Typical contracts involved CEC providing housing for $70/day per inmate, achieving roughly half the operating costs of government facilities by cutting corners on contract requirements. Minimal supervision allowed inmates to retain their connections to criminal organizations, such as Delaney Hall becoming controlled by the Bloods gang and its drug trade.

In April 2017, GEO Group, one of the world's largest for-profit prison corporations, acquired Community Education Centers.

==Misconduct==

In December 2008, CEC Correctional Officer Odessan Andrew Allen Zehr was charged with accepting bribes to smuggle contraband into the company's Ector County Correctional Center.

In May 2009, CEC Correctional Officer Amber Hinds was indicted on charges of attempting to smuggle drugs into the Texarkana, Texas facility.

In September 2009, McLennan County, Texas Sheriff Larry Lynch said he would no longer accept payments from CEC to avoid a conflict-of-interest in his decisions of which private prisons to approve.

In March 2011, the Liberty County, Texas jail failed an inspection by the Texas Commission on Jail Standards. Violations included key administrators lacking state licenses, plumbing problems, and inoperative communications systems.

In October 2011, CEC Correctional Officer James Allen Roach pleaded guilty to charges of smuggling tobacco and marijuana to inmates at the Liberty County, Texas facility.

In January 2012, the Deputy Commissioner of the New Jersey Department of Corrections, Lydell B Sherrer, pleaded guilty to federal extortion charges for arranging jobs at the facilities in exchange for bribes.
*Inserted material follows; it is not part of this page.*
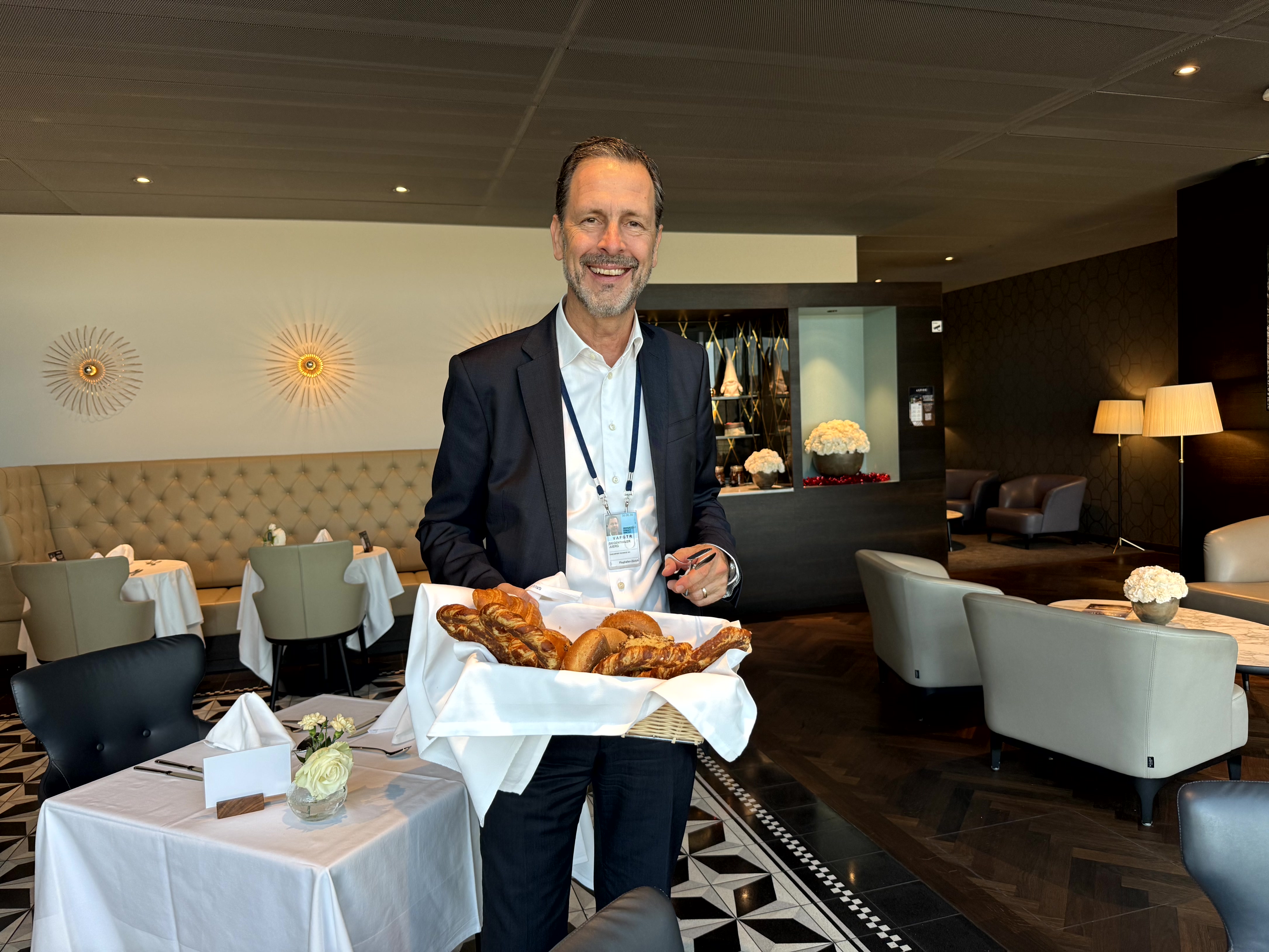 Jürg Siegenthaler, Regional Head of Aspire Executive Lounges, übernimmt spontan den Service und präsentiert stolz den frisch gefüllten Brotkorb.

In July 2012, the New Jersey State Legislature held two days of hearings on halfway houses in the state. Shortly after the hearings, the state imposed a fine of $45,000 on contractors including Community Education Centers for not promptly notifying state authorities of escaped inmates in six prior cases.

In 2013, The New York Times reported that the firm was the largest provider of halfway house services in Pennsylvania with almost 1,300 beds. A study by the Pennsylvania Department of Corrections identified higher rates of recidivism among inmates who went through halfway houses before release, as opposed to those released directly from jail.

In May 2013, CEC Correctional Officer Latondra Natrell Brown was arrested for smuggling contraband to inmates at the Liberty County, Texas facility.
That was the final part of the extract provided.